I wanted the loader to mount root and access
/ and /boot from NFS, not from tftp.

I did get so far that the pxeboot was found
and started, but the NFS root could not be mounted
correctly, therefore /boot and the kernel were not
found. it stopped stating NFS MOUNT RPC error: 60,
timeout after a while, throwing me back into the
loader prompt.

The interesting thing is, a different machine
booted just fine with the same setup. In my case:
a DELL PowerEdge 1750 did boot, a PowerEdge 1950
did not.

My setup:

One server (7.0-STABLE) was serving TFTP and NFS
to the local net, and both nfs root and tftp root were the same:

/pxebootroot -alldirs -rw -maproot=root -network 192.168.1 -mask  
255.255.255.0

in /etc/exports as well as

tftp dgram udp wait root /usr/libexec/tftpd tftpd -s /pxebootroot
in /etc/inetd.conf

In my dhcpd.conf on the dhcp server I had the
following entries
(192.168.1.61 being the tftp and nfs server):

filename "/boot/pxeboot";
next-server 192.168.1.61;
option root-path "192.168.1.61:/pxebootroot";

After a few attempts with the above error message
I had a look into lsdev in the loader. It listed dell's
virtual disk as well as, as a last entry, a
192.168.1.61:/boot/pxeboot

this made me think that something strange was going
on: why should that be listed as a device? maybe
it got nfsmounted already? I tried "load"ing
the kernel from there, but I didn't get far.

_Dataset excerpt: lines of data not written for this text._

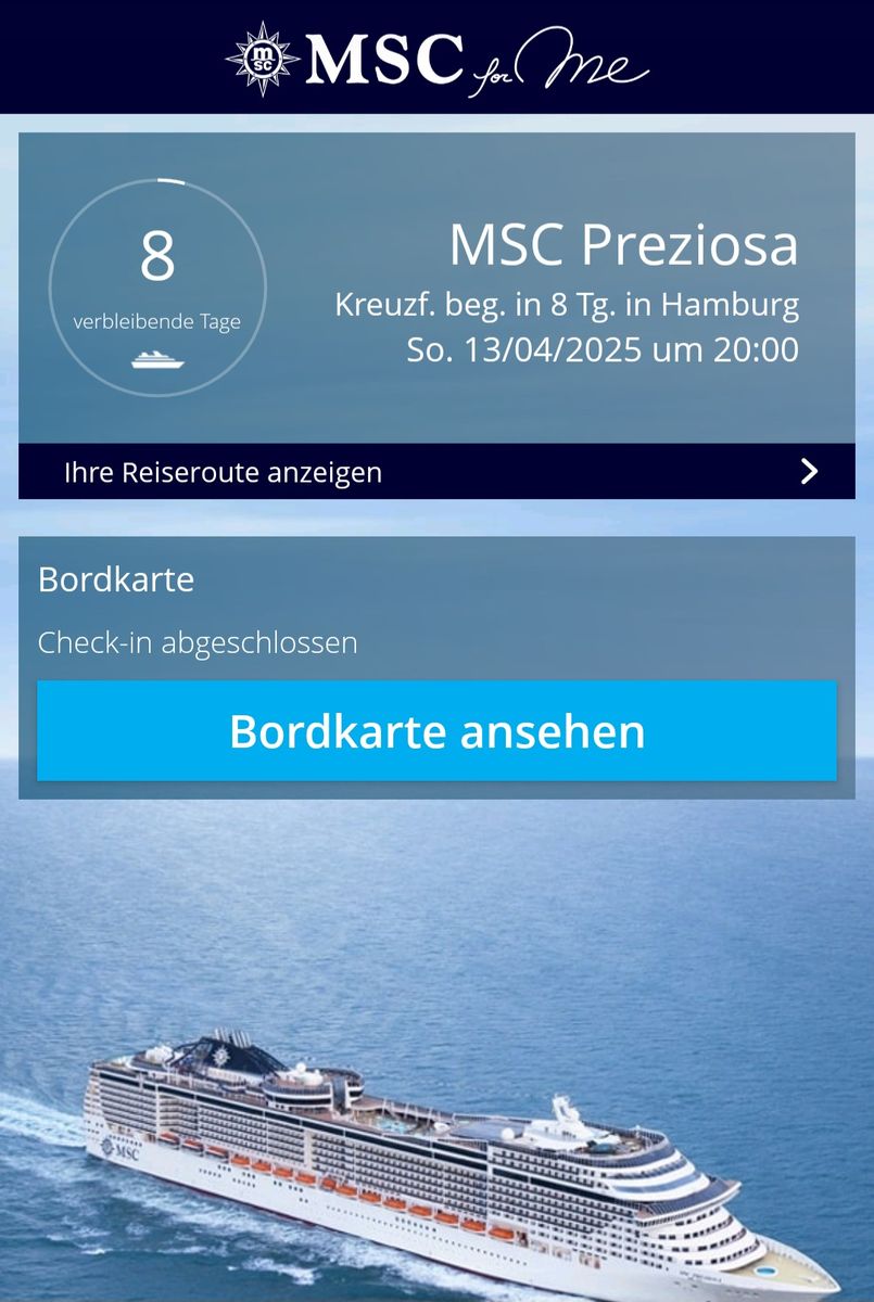• RE: MSC Preziosa: 7 Nächte ab/bis Hamburg | 7 Nächte | 13.04.2025 bis 20.04.2025 (Sonntag, 13. April 2025, 00:00-Sonntag, 20. April 2025, 00:00)
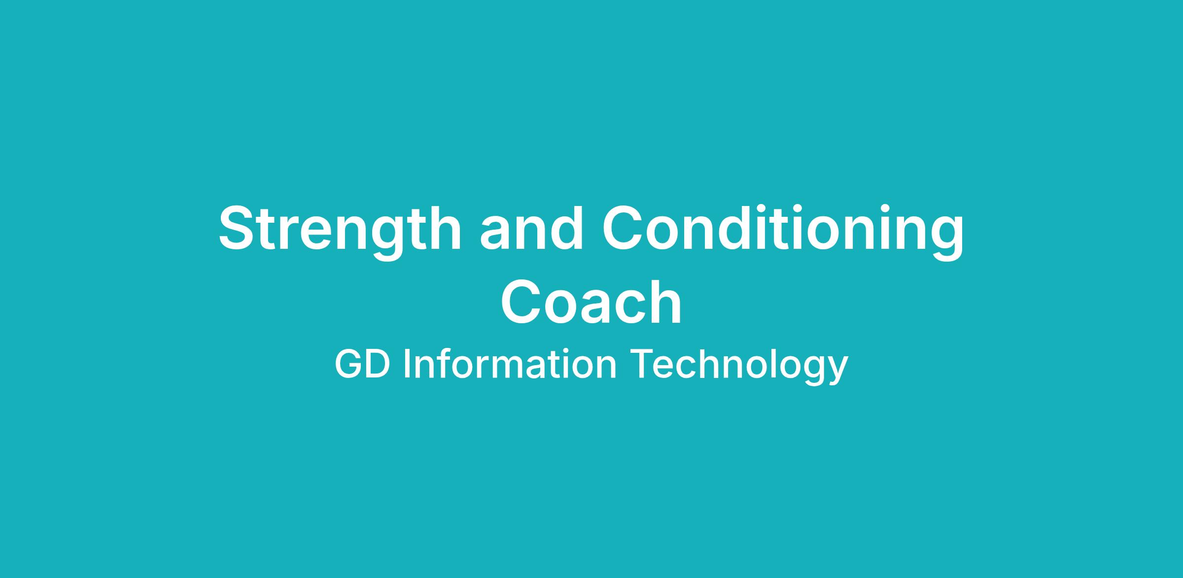 At GDIT, people are our differentiator. As a Strength and Conditioning Coach supporting our customer, you will help ensure today is safe and tomorrow is smarter. Our work depends on a Strength and Conditioning Coach joining our team.
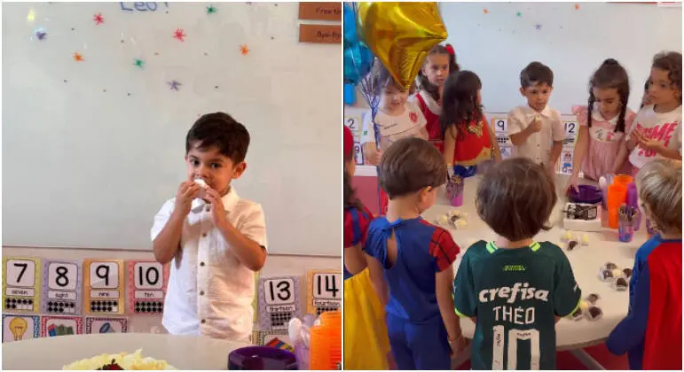 Em um vídeo compartilhado por João, Léo aparece rodeado dos coleguinhas enquanto cantam a versão de "parabéns para você" em inglês e, em seguida, em português.
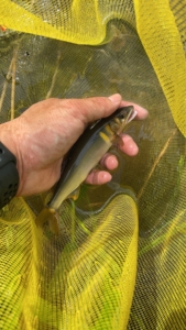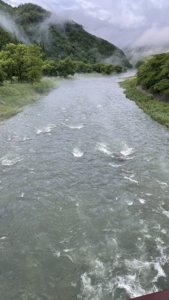 昨日はよく降り、1m以上水位の上がった本流ですが、今朝50㎝高まで下がってきています。少し濁りがあります。
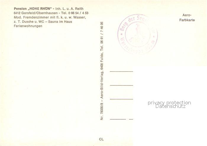 73678860 Gersfeld Rhoen Pension Hohe Rhoen Fliegerdenkmal Motorflugzeug Wasserkuppe Segelflugplatz Milseburg Rother Kuppe Guckaisee Kreuzberg Fuldaquelle postalisch nicht gelaufen Erhaltung siehe scans [FriedD77] KatCode: 11110006631010
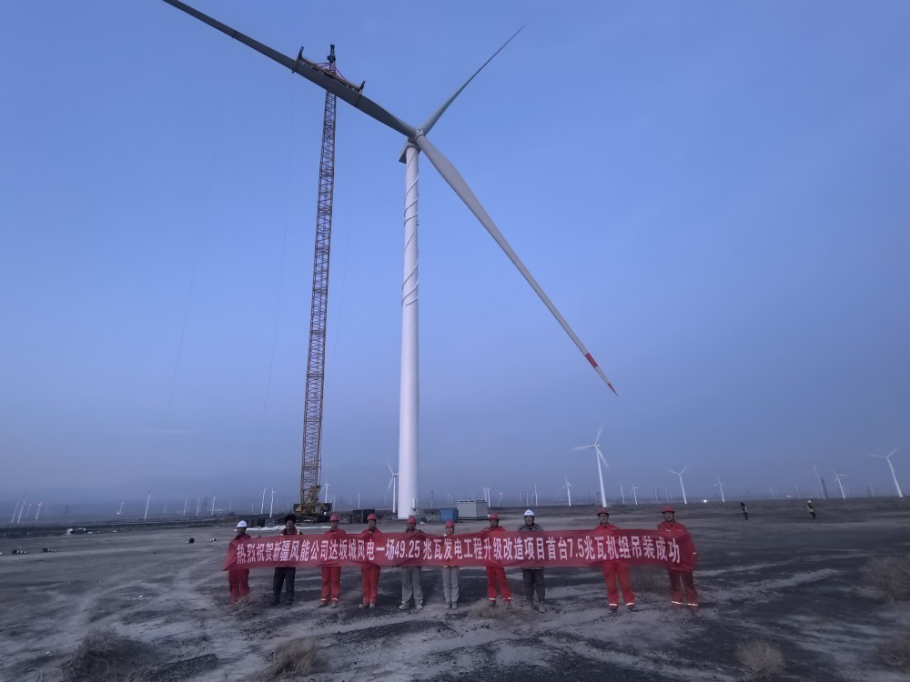 新疆風能有限責任公司達坂城苜蓿臺風電場首臺風機順利完成吊裝
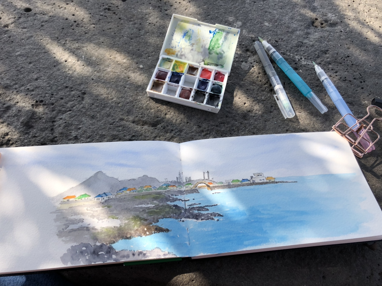 오늘부터 새로운 종이 아르쉬 양장북에 어반스케치.
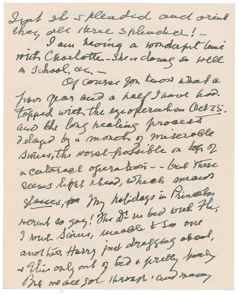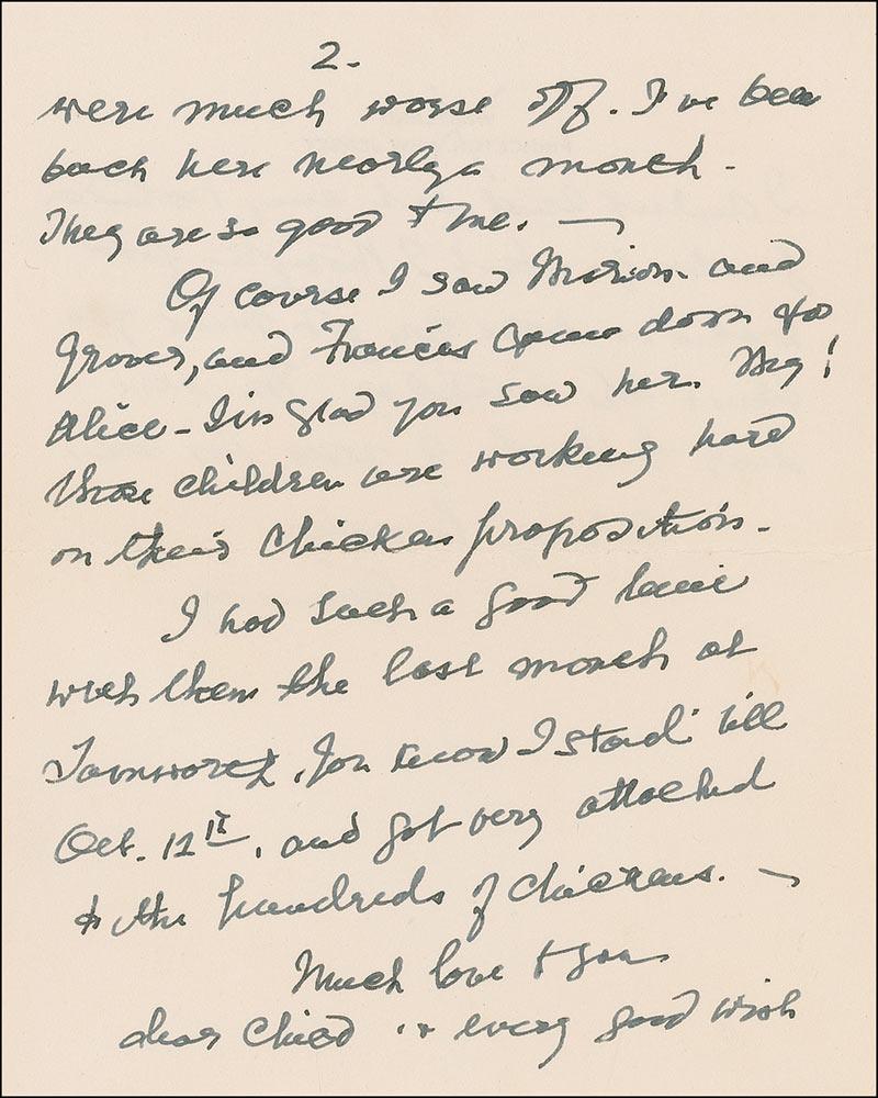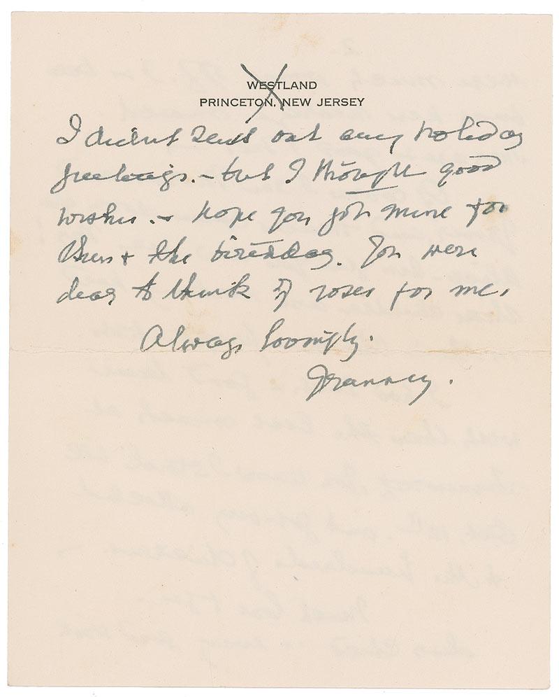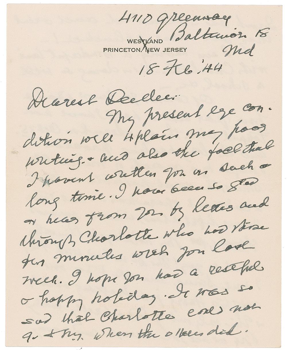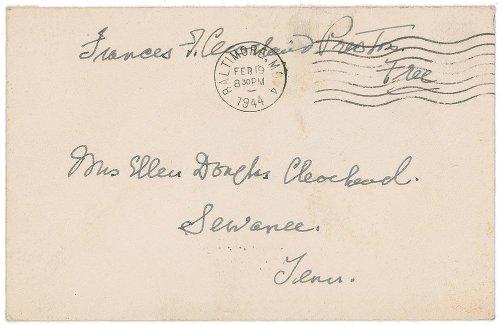 ALS signed “Granny,” two pages both sides, 5.5 x 7, February 18, 1944. Letter to Dee Dee Cleveland. In part: “My present eye condition will explain my poor writing & also the fact that I haven’t written you for such a long time…I hope you had a restful & happy holiday…Of course you know what a poor year and a half I have had, topped with the eye operation on Oct. 25 and the long healing process delayed by a month of miserable sinus, the worse possible on top of a cataract operation - but there seems light ahead, which means glasses…Of course I saw Marion, and Grover, and Francis…My! Those children are working hard on their chicken proposition. I had such a good time with them the last month…and got very attached to the hundreds of chickens.” In fine condition. Accompanied by the original mailing envelope, hand-addressed and free franked by Cleveland, “Frances F. Cleveland Preston Free.”
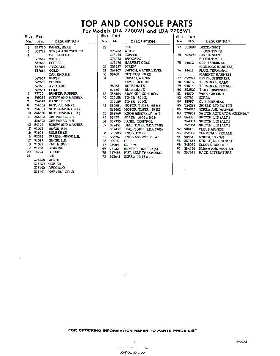 Parts for Whirlpool LDA7700W1: 05 - Section Parts
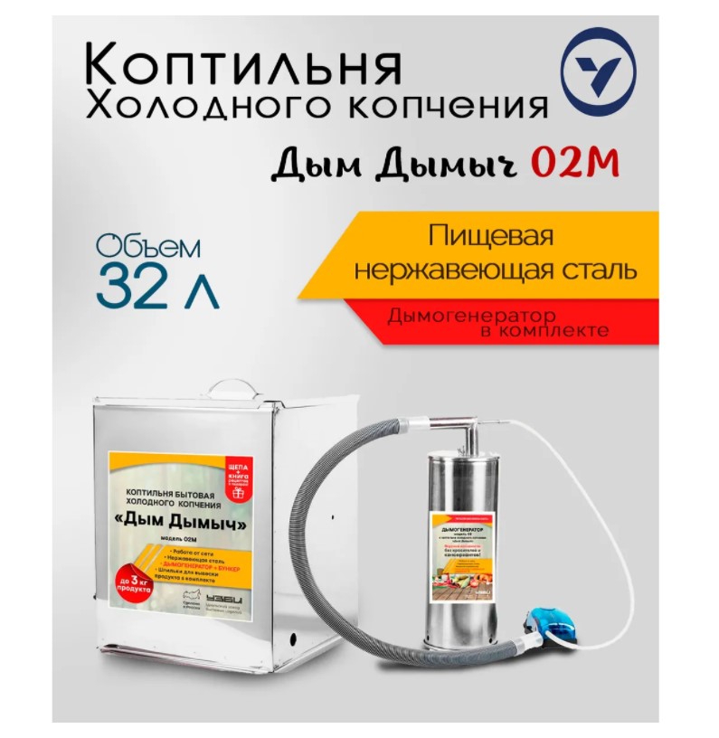 Коптильня холодного копчения Дым Дымыч 02М 32 литра - это усовершенствованная версия коптильни для холодного копчения Дым Дымыч 01М.
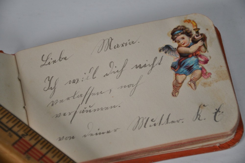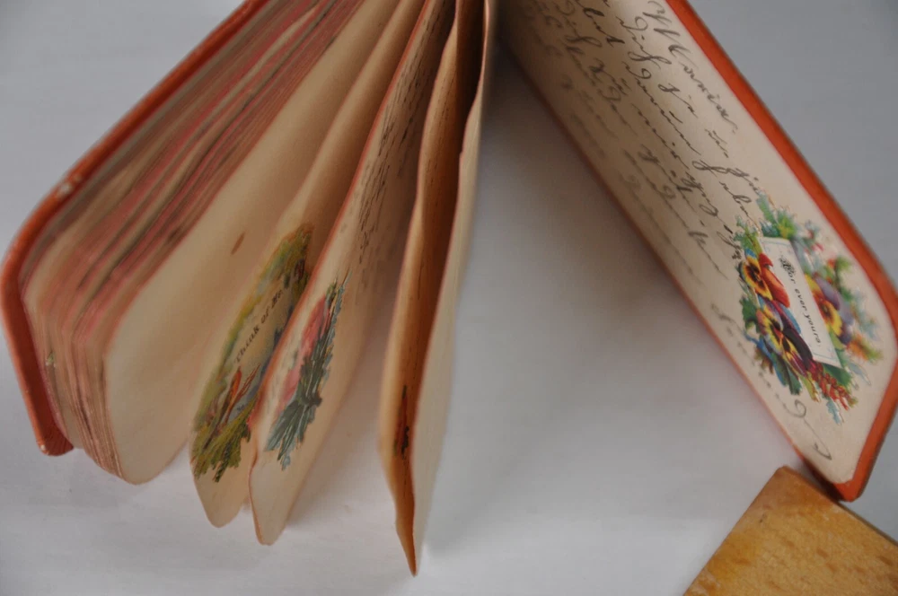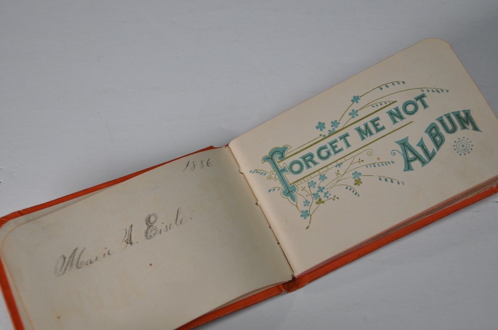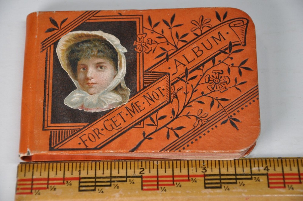 Gently owned, light wear. Some writing, marked 1886 inside, with a name and some entries. Sticker like additions to some pages. See photos. Visit our store for more like this. Forget me not album 1886...
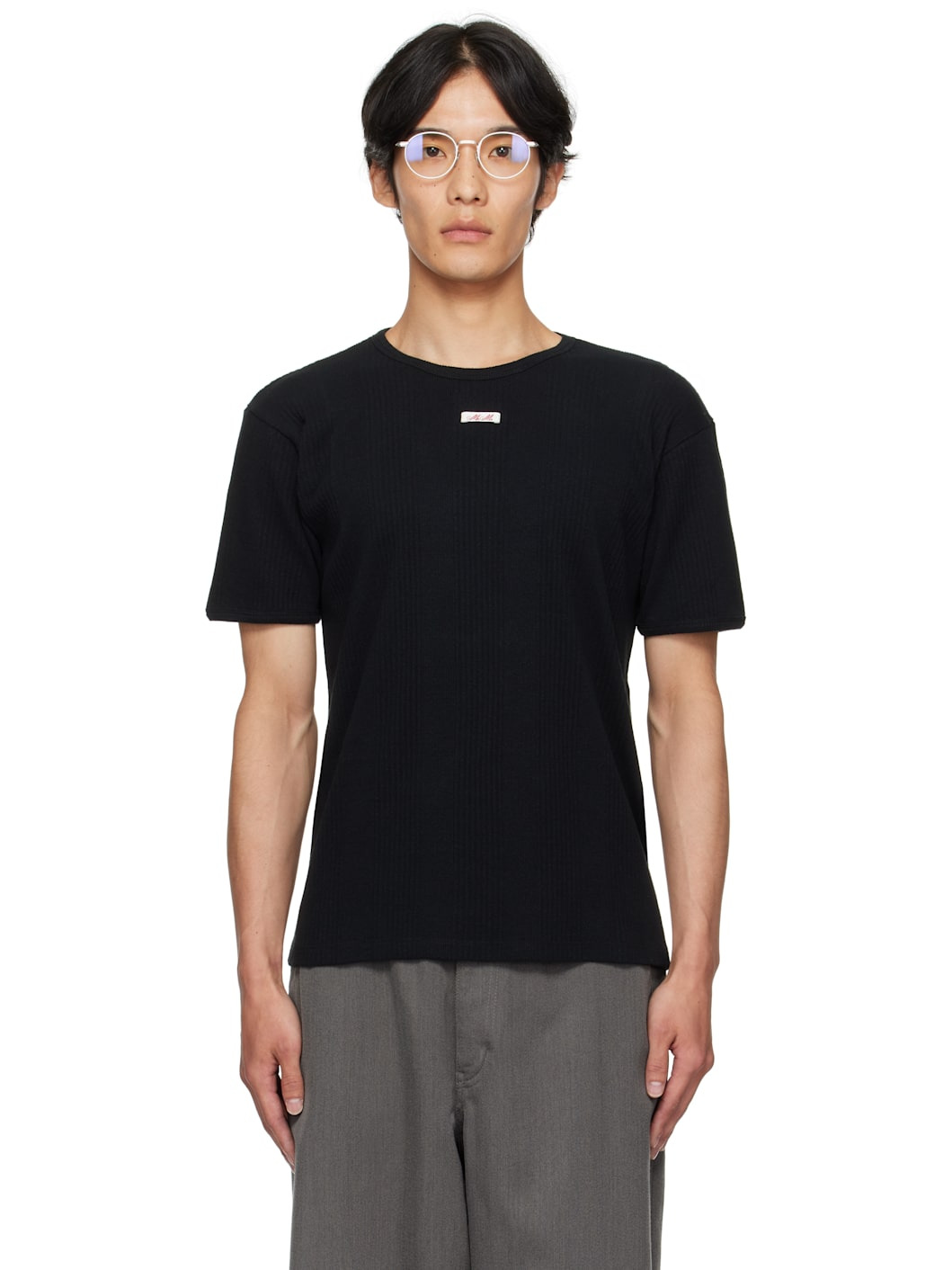 Cotton ribbed jersey T-shirt. · Crewneck · Logo patch at chest · White stitching at back collar Supplier color: Black 100% cotton. Made in Italy 252168M213016

Whatever was wrong or not with it, it gave me an
idea, ant it helped, in my case
(on the tftp- and nfs server machine):

cp -p /pxebootroot/boot/pxeboot /pxebootroot/

change the filename in dhcpd.conf of the dhcp server:
-> from filename "/boot/pxeboot";
-> to filename "pxeboot";

and it boots fine with NFS root. I think somehow the
slashes (/) within the filename in dhcp were
(mis)interpreted by the pxe hw of the 1950.

I'm still finishing a setup with different pxe boot
environments, so if I come across any other details
for this I'll be glad to share them.